A pink taxi

A pink taxi

July 5, 2010

Mission Civilisatrice


I shun political and religious discussions and also shy away from arguing about educational systems. When I start discussing the French system and I discern some contempt or objection, I stop. After all, it is the future of our kids we are talking about and to each his own philosophy.

This opinion letter is not as argumentative as a live dialogue. I thought of writing it in French, but that was like preaching to the converted. Except that I know many French educated who have opted differently for their kids and some new comers, like my parents, who thrust their kids into the system I was educated in, because they believe in its strength.


Besides the beautiful rich language they learn, children of a lycee learn certain values: order, discipline, organization, a certain carthesian mind set also. It goes without saying that at a glance, the system looks archaic. Granted the French still insist on old fashioned principles: good script is one of them. Students use ink fountain pens. Notebooks are filled with reverence.

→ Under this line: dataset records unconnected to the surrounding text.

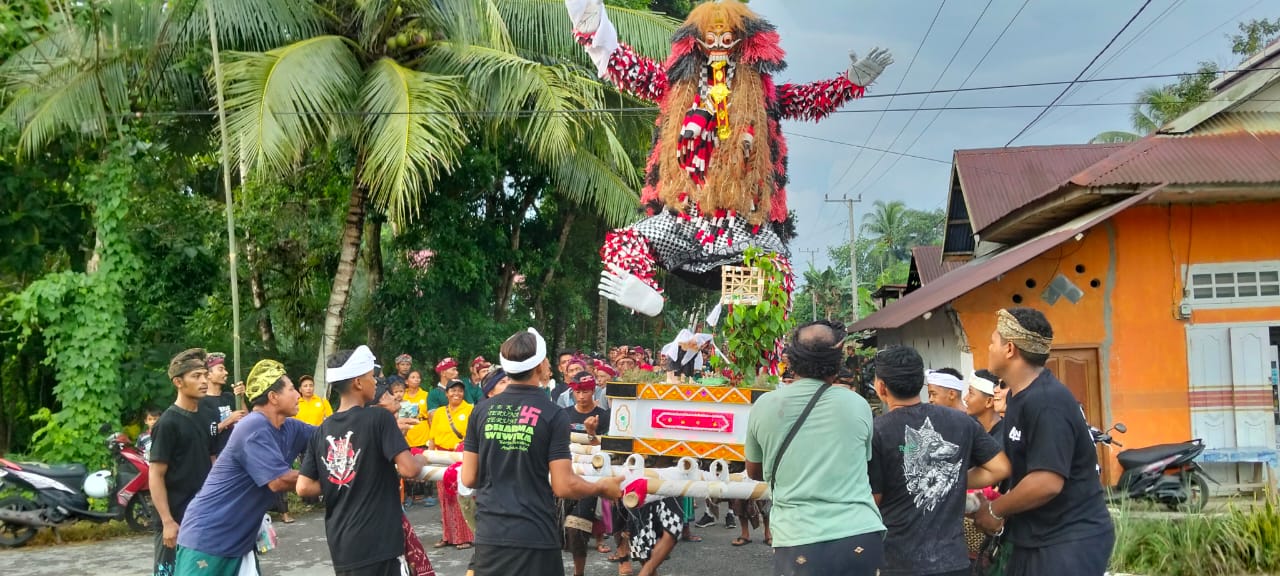 PASARWAJO-TERASNUSANTARA_Umat Hindu di Desa Ambuau Indah dan Desa Siomanuru, Kecamatan Lasalimu Selatan menggelar pawai ogoh-ogoh sebagai rangkaian menyambut Hari Raya Nyepi. Patung raksasa yang identik dengan wajah menyeramkan itu diusung beramai-ramai, menjadi simbol “pengusiran” sifat buruk dan energi negatif dalam diri manusia.
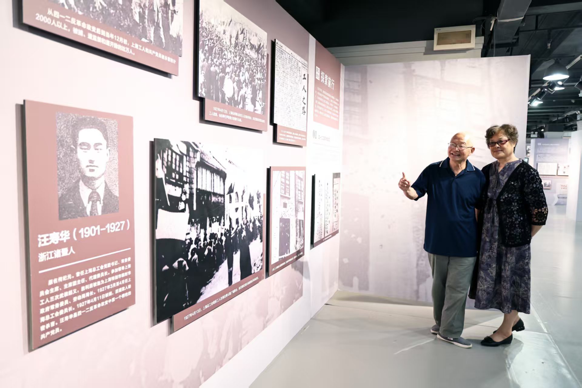 汪寿华外孙何利华与外孙媳观展
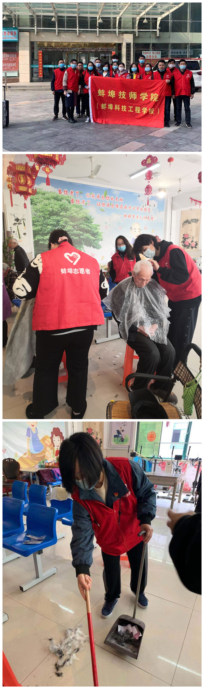 3月14日上午9时,我院四支部党员志愿者在书记张静同志的带领下,前往蚌埠市老人休养院,开展党员志愿者服务活动。
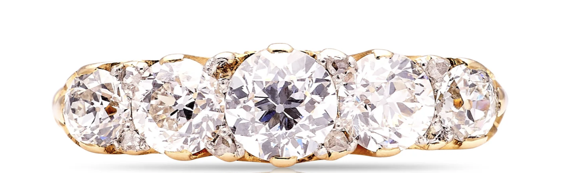 The Edwardian era includes part of the Belle Epoque and Art Nouveau eras, and some designs that are still very wearable today, such as this five stone diamond ring:
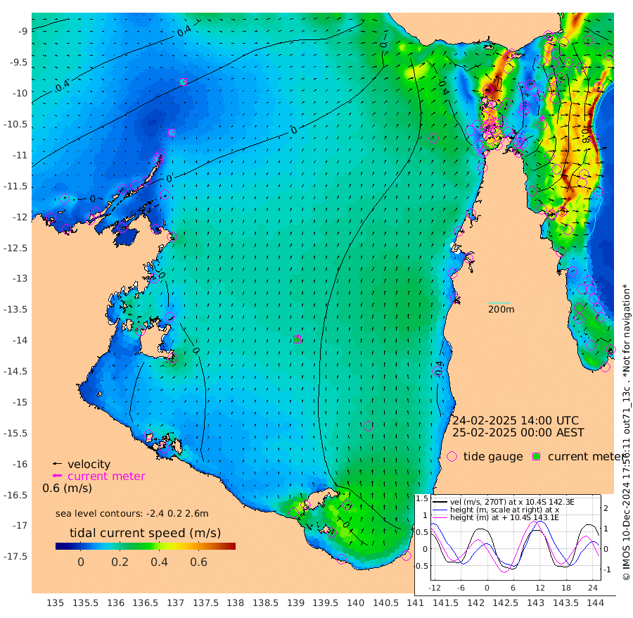 12cm/s 71T +3cm/s rms + 7cm/s -42T. ARA-GOC87 57m 32cm/s 11T +3cm/s rms + 2cm/s -2T. ARA-GOC87 60m 17cm/s 85T +2cm/s rms + 3cm/s 61T. ARA-GOC87 47m -33cm Daru -29cm Bobo Island -79cm Meer Island Barge -73cm Bramble Cay -59cm Unnamed Cay -44cm Pearce Cay -61cm Stephens Island -62cm Merrie England Shoals -36cm Mutacomal Reef -67cm Darnley Island Barge -79cm East Cay -48cm Yorke Island Barge -43cm Rennel Island -33cm Aureed Island -29cm Dungeness Reef 12cm Zagai Island 5cm Yam Island 2cm Dauan Island 12cm Saibai Island -10cm Phipi Reef 2cm Warrior Reef - West 17cm Mabuiag Island Barge -42cm Half Way Island -14cm Coconut Island -35cm Dugong Islet -2cm Poll Island -15cm Kirkcaldie Reef 17cm Suarji Island -6cm Sue Islet -44cm Hawkesbury Island 1cm Alert Patches 10cm Twin Island -20cm Badu Island 19cm St Pauls (Moa Island) -24cm Kubin (Moa Island) 2cm Ince Point -2cm Thursday Island -1cm Nardana Patches -26cm Turtle Head -32cm Round Island -46cm Goods Island -47cm Booby Island -33cm White Rocks Area -24cm Carpentaria 17cm Papou Point -52cm Bampfield Head -35cm Crab Island -36cm Red Wallis Island -35cm Packe Island -19cm Harrington Reef -61cm Herald Camp 13cm Sharp Point -14cm Red Island Point -7cm Possession Island 8cm Alpha Rock -1cm Frederick Point -22cm Wyborn Reef Light -13cm Tetley Island -59cm Triangle Reef -31cm Turtle Head Island -72cm Maclennan Cay -79cm Raine Island -51cm Mcsweeny Reef -60cm Collette Reef -75cm Shadwell Reef -69cm Hannibal Island -73cm Round Point -33cm Vrilya Point -77cm Cape Grenville -77cm Hicks Island -89cm Sir Charles Hardy Island -24cm Harvey Island -86cm Kay Reef -84cm Rocky Island -82cm Chapman Island -82cm Ham Reef -82cm Jubilee Reef -74cm Night Island -80cm Unnamed Reef No. 3 -87cm Morris Island -88cm 1st 3 Mile Opening -86cm Creech Reef -77cm Fife Island -107cm Eden Reef -94cm Stanley Island -93cm Normanby River 13cm Yabooma Island 8cm Hutchison River 15cm Elcho Island 20cm North West Crocodile Island 28cm Cape Wessel 26cm Stevens Island -6cm Guluwuru Island 10cm Hopeful Bay 21cm Auster Point 15cm Two Island Bay 8cm Cadell Strait -57cm Mallison Island 4cm Melville Bay (Gove Harbour) 8cm Truant Island 6cm Cape Arnhem 13cm Cape Grey 11cm Hawk Island 41cm Milner Bay (Groote Eylandt) 28cm Cape Beatrice 44cm West Island 43cm Centre Island -9cm Mornington Island -9cm West Wellesley Islands -19cm Bountiful Island 0cm Albert River Mouth 17cm Sweers Island -10cm Karumba -44cm Nassau River Offshore -66cm Christmas Creek -65cm Archer River -58cm Boyd Point -70cm Weipa (Humbug Point) -39cm Pennefather River -43cm Cullen Point

The primary years are spent mastering the tools of learning: language and mathematics. However, sciences (social and applied) are taught as well. The children overview most scientific themes, review them in larger detail in secondary school and re-review them again in the three final years. Medieval history, for example, is therefore taught three different times in a 13 year long education.


Children are also faced with all the subjects from a very early age: geometry as soon as they can hold a ruler, biology and physics simultaneously, enter geology and chemistry soon after and add in algebra, statistics, economics and philosophy. Nothing is too abstract or complex. Languages are also being introduced at the very beginning of first grade (if not sooner).



While teachers may sound rigid and character breaking, I differ on that point. They are simply critical and realistic. Till now they have never made an accusation against me or my children that were false. Moreover, I have noticed that teachers today have added more creativity in their style.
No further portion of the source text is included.